しかして、審決が認定した写真露光装置の構成において、(a)ペーパーマスクの装填の有無、装填されているペーパーマスクの種類、ネガマスクの装填の有無、装填されているネガマスクの種類をそれぞれ「確認」し、(b)所要とするペーパーマスクとネガマスクとが装填されておらず別のものが装填されているときには、別のものを取り外して、所要とするペーパーマスクとネガマスクの装填を行ない、(c)所要とするペーパーマスクの種類とネガマスクの種類とに基づいて各種露光条件設定用の露光調節部材の種類とその装着位置とが定まる関係にあることから、ペーパーマスクの種類とネガマスクの種類に応じた露光調節部材の種類・装着位置を、写真露光調節装置に既に装填されている露光調節部材の種類・装着位置と異なっていないかどうかを「確認」し、(d)また露光調節部材が装填されていないことはないかを「確認」し、(e)さらに装着された露光調節部材の種類・装着位置が所要とするペーパーマスクの種類とネガマスクの種類とから定まる露光調節部材の種類・装着位置と一致した場合は露光可能と「確認」する等の手順をとることが周知であることは当事者間に争いがない。

そして、本願発明の「前記ペーパーマスクの種類とネガマスクの種類とに基づいて予め定められた各種露光条件設定用の露光調節部材の種類、装着位置を、該写真露光装置に既に装填されている露光調節部材の種類、装着位置と異なる場合と露光調節部材が装填されていない場合のみ所定の順に前記表示部に表示せしめ、該写真露光装置に既に装填されているか、または装填された露光調節部材の種類、装着位置と前記定められた露光調節部材の種類、装着位置とがすべて一致した場合は、前記表示部に露光可能という表示をせしめ」との構成に対応する前記「写真露光装置における従来周知の事項」の構成は上記(c)ないし(e)であると認められるところ、本願発明の「予め定められた各種露光条件設定用の露光調節部材の種類、装着位置が、該写真露光装置に既に装填されている又は装填された露光調節部材の種類、装着位置と異ならない場合には、予め定められた各種露光条件設定用の露光調節部材の種類、装着位置が、表示部に表示されない」(特徴2)との構成は、上記(c)ないし(e)の構成には含まれていない。

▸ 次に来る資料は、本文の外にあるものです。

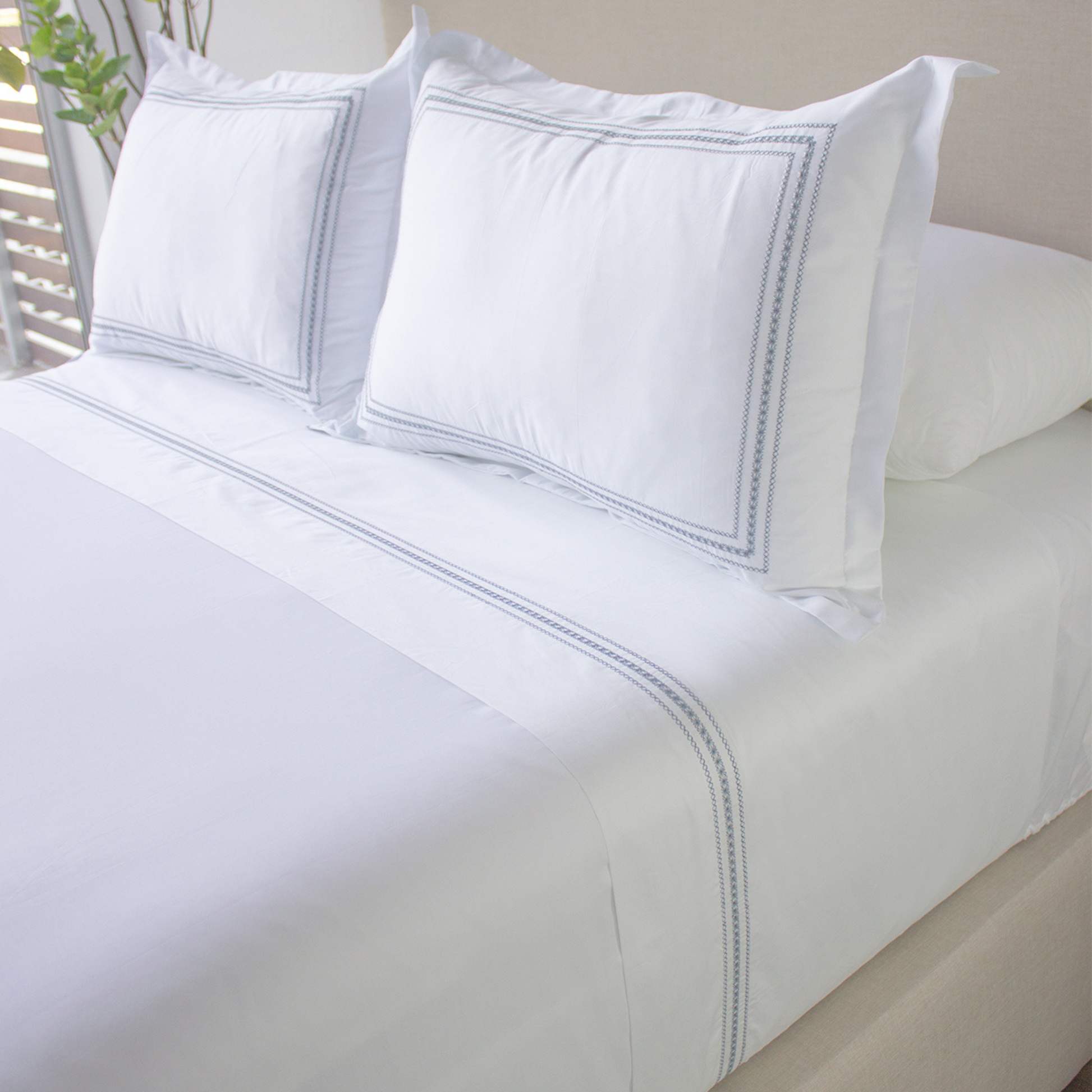 Dale un toque sofisticado a tu cama con esta sábana plana blanca, decorada con elegante bordado Jules. Confeccionada en tela Plat de 300 hilos y 100% algodón, brinda suavidad, frescura y alta durabilidad.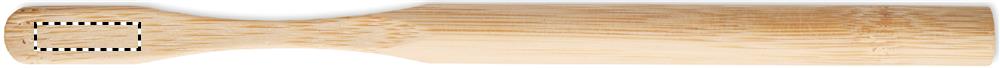 Bambuinen hammasharja nailonharjaksella bambutelineessä, pakattuna voimapaperi pakkaukseen.
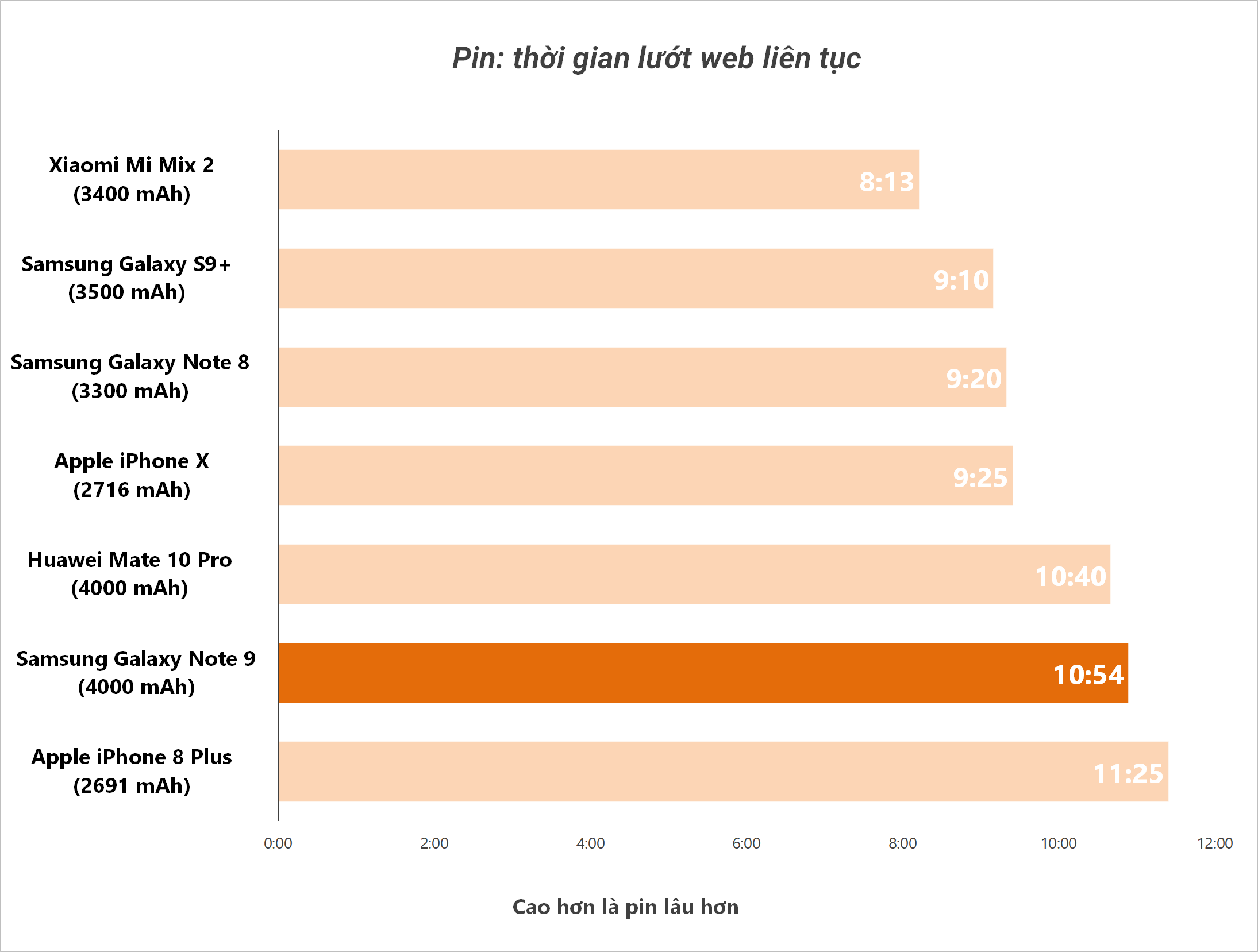 Các thử nghiệm về thời gian lướt web thời lượng pin được tính từ 100% xuống còn 10%, và sau đó dừng lại tại 70% độ sáng màn hình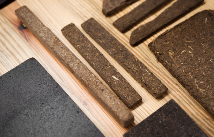 Dungse Labs pushes this logic into more provocative territory by working with one of agriculture’s most abundant and under-valorised by-products: cow dung. Drawing inspiration from Himalayan building traditions and combining them with modern processing techniques, the team has developed a material system that replaces wood, particle board and plastic with dung-based composites.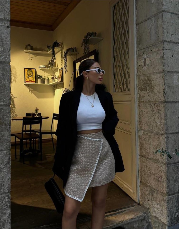 Crop Ceketli Ve Pile Etekli Garnili Takım 10111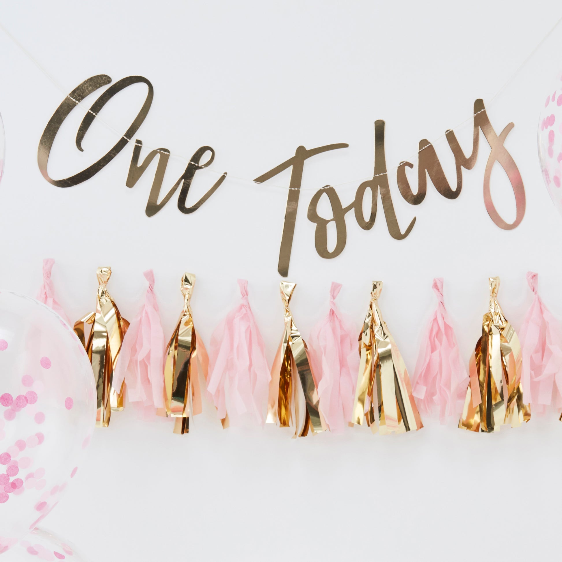 Each pack includes 5x pink confetti balloons measuring 12". 1x gold foiled party hat measuring 4cm (W) x 8.5cm (H). 1x pink and gold tassel garland (1.5M) with 16 tassels (8x gold, 8x pink). 1x 'One Today' backdrop measuring: 1.5m.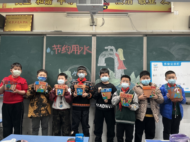 隊員們(men) 通過演講、討論、問答競賽等形式,使大家感受到隨著人類對水的需求量急劇增長,作為(wei) “生命之源”的水資源已嚴(yan) 重短缺,有些地方已鬧起水荒;明白對於(yu) 地球上的所有物種來說,離開了水就意味著疾病、饑餓和死亡等的發生。輔導員給大家講述了保護現有水資源的重要性,列舉(ju) 了生活中浪費水資源的不良行為(wei) ,並通過豐(feng) 富多彩的花盆繪畫,讓節約用水的理念根植隊員心中:節約用水、合理用水、保護水資源,從(cong) 現在開始,從(cong) 自己做起,從(cong) 點滴做起,隨手關(guan) 緊水龍頭,且通過多種形式向別人宣傳(chuan) 節約用水,人人爭(zheng) 做珍愛地球的環保小衛士,讓我們(men) 的家園永遠擁有藍天。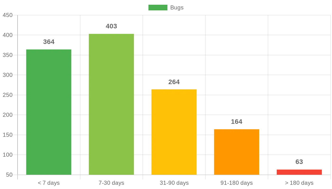 The median gap was 16 days. The mean, pulled higher by bugs that survived for months, was 46 days.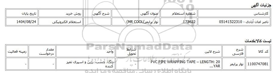 | ناصر امان آبادی - 05141522310 | 173622 | نوار پرایمر)MR COOL) | استعلام الکترونیکی | 1404/08/24 |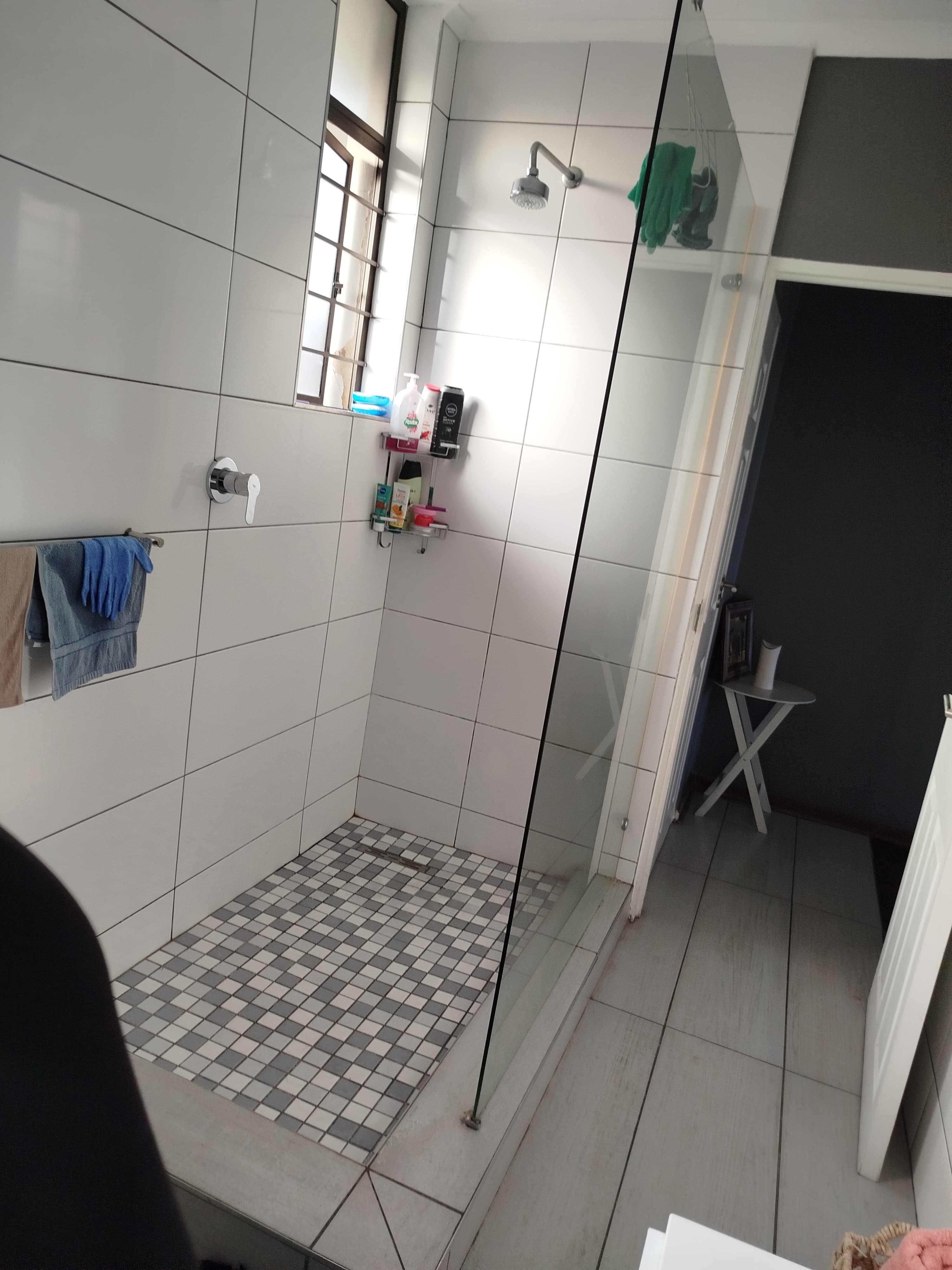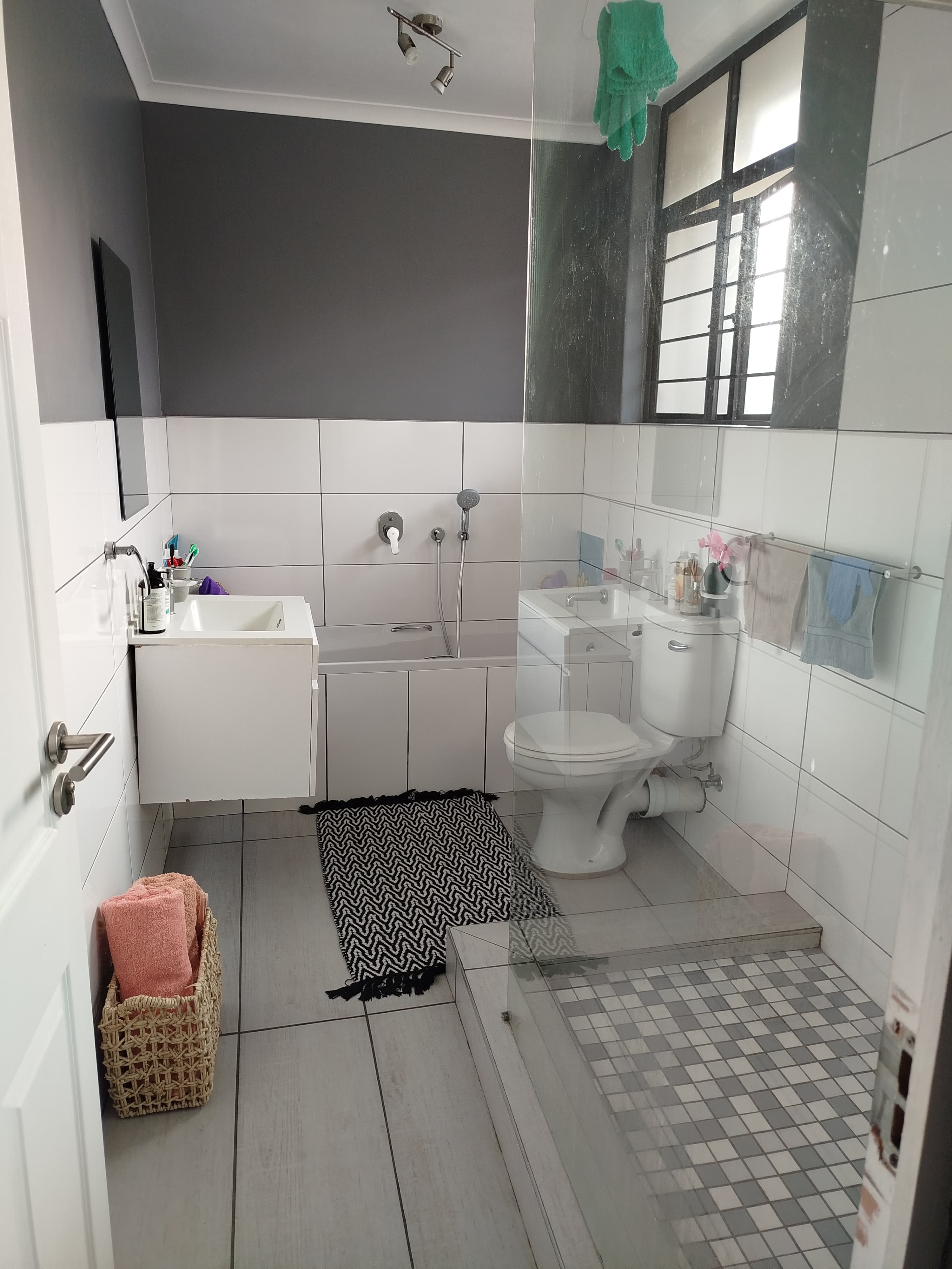 Bathroom with walk in shower, bath tub, basin and toilet.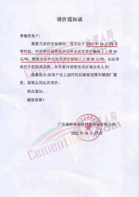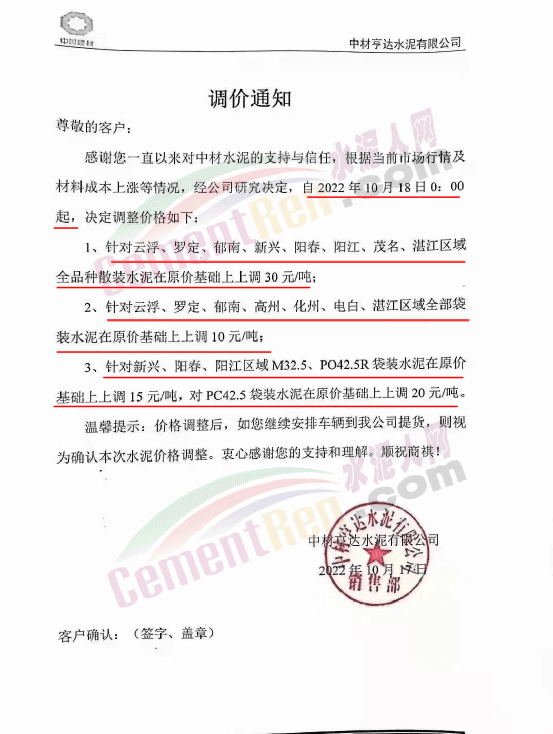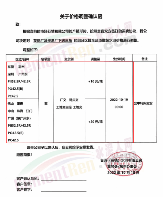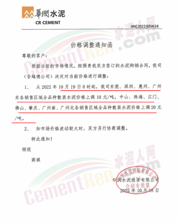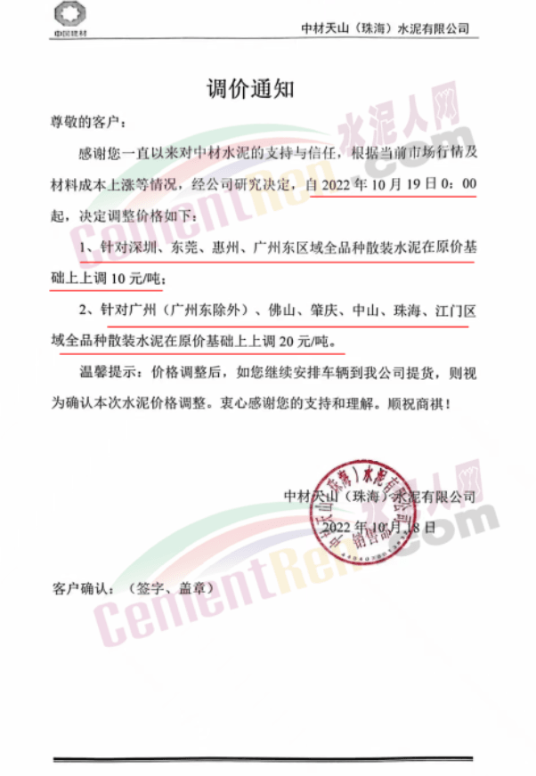 與此同時,珠三角區(qū)域中材天山、中材亨達(dá)、華潤水泥、臺泥水泥、塔 牌水泥、光大水泥、青洲水泥等水泥企業(yè)通知上調(diào)水泥價格10-30元/噸,下游商混企業(yè)紛紛跟進(jìn)。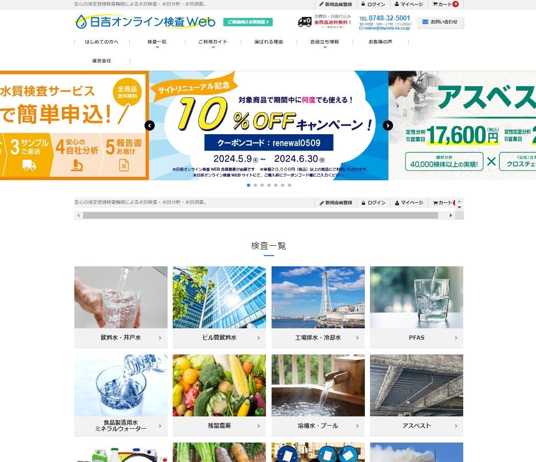 株式会社日吉(本社:滋賀県近江八幡市)は、分析検査サービスのECサイト『日吉オンライン検査Web』(https://hiyoshi-online.com/)を、2024年5月9日(木)にリニューアルいたしました。7年ぶりのリニューアルとなる今回、お客様が使い慣れたデザインは極力そのままで、ペーパーレスを考慮した電子報告書の発行、電子報告書システム『アナレポ®』の利用範囲拡大、お役立ちコラムの追加・改善など、お客様の利便性を向上いたしました。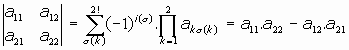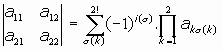 (donde es el índice de la permutación de los segundos subíndices, es decir, el número de inversiones que presenta dicha permutación)

そうすると、本願発明は、上記特徴2の点において、審決が認定した前記「写真露光装置における従来周知の事項」の構成とは相違するものというべきである。

しかるに、審決は、本願発明と「写真露光装置における従来周知の事項」とを対比して、「本願発明は、上記『写真露光装置における従来周知の事項』における『確認』事項を表示部に表示すること、表示内容を順序ごとに一つの表示部で表示すること、ペーパーマスクとネガマスクの装填の有無およびペーパーマスクの種類とネガマスクの種類とを検出、判定すること、所要とするペーパーマスクが装填されているか、または装填された場合と、所要とするネガマスクが装填されているかまたは装填された場合とにスキップスイッチを作動させることに特徴を有する」(甲第2号証4頁17行ないし5頁6行)旨、本願発明と「写真露光装置における従来周知の事項」との相違点を挙げるに止まっているのであるから、審決は、上記特徴2の点を相違点として明示することなく、直接の判断をしなかったものといわざるを得ない。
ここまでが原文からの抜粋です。